Sin embargo, las estimaciones indias de demanda de energía y
proyecto del suministro muestran déficit importantes por lo cual
están muy interesados en la compra de gas natural. India ha
organizado una reunión cumbre
de los mayores compradores de gas de Asia el próximo mes, a fin de
discutir formalmente y establecer un cronograma para resolver
cuestiones como precio, calidad y cantidad del gas a ser
transportado por el gasoducto.
Irán ha ofrecido a la India que la construcción y operación del
gasoducto sea realizado por un consorcio internacional de bancos y
empresas petroleras para garantizarle los resquemores y dudas
relacionadas con el trayecto de 760 km que pasa por territorio
paquistaní. Teherán dice que ofrecería también suministros
garantizados de GNL en caso del sabotaje de la tubería.

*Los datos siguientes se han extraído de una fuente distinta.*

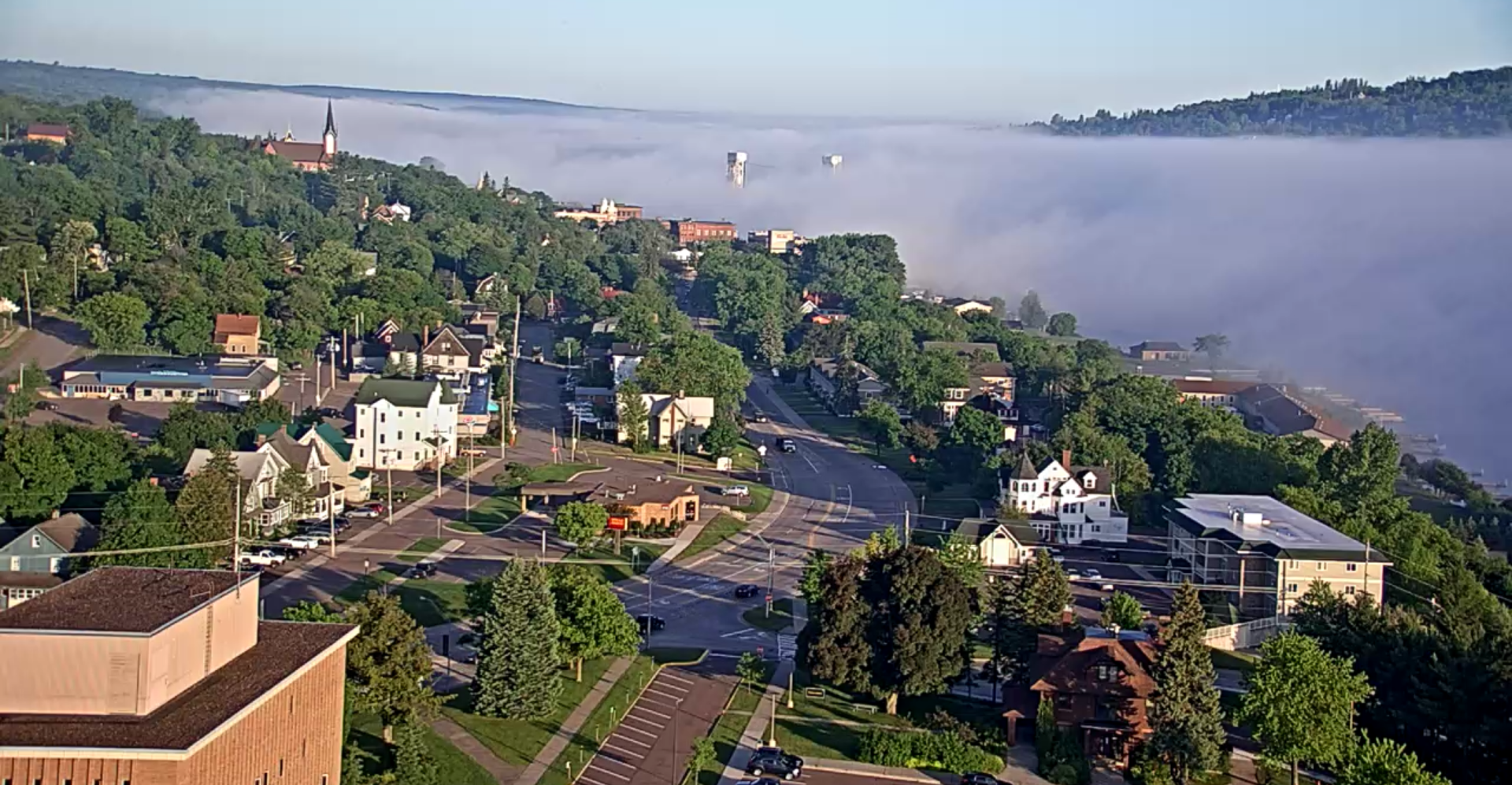 Fog rises off the Portage near Michigan Tech

Sin embargo, los indios mantienen su postura hasta ahora, a pesar de
varias propuestas extendidas por Irán y Pakistán y la mayoría de las
recientes conversaciones no han podido hacer variar dicha posición.
.
Ambos ministros,
Manmohan Singh y el Mani Shankar Aiyar han declarado ante sus
respectivos parlamentos que un gasoducto transnacional de Irán a
India a través del territorio de Pakistán es una de las opciones
viables. "La cuestión se discutió recientemente al más alto nivel
entre los dos países y fue decidido continuar con el proyecto de
gasoducto de gas natural Irán-India vía Pakistán en el contexto del
comercio bilateral global y la cooperación económica entre los dos
países. Este proyecto sería básicamente un proyecto comercial
apoyado por las garantías apropiadas para la seguridad de
suministros", Aiyar
hizo esta declaración recientemente en Lok Sabha.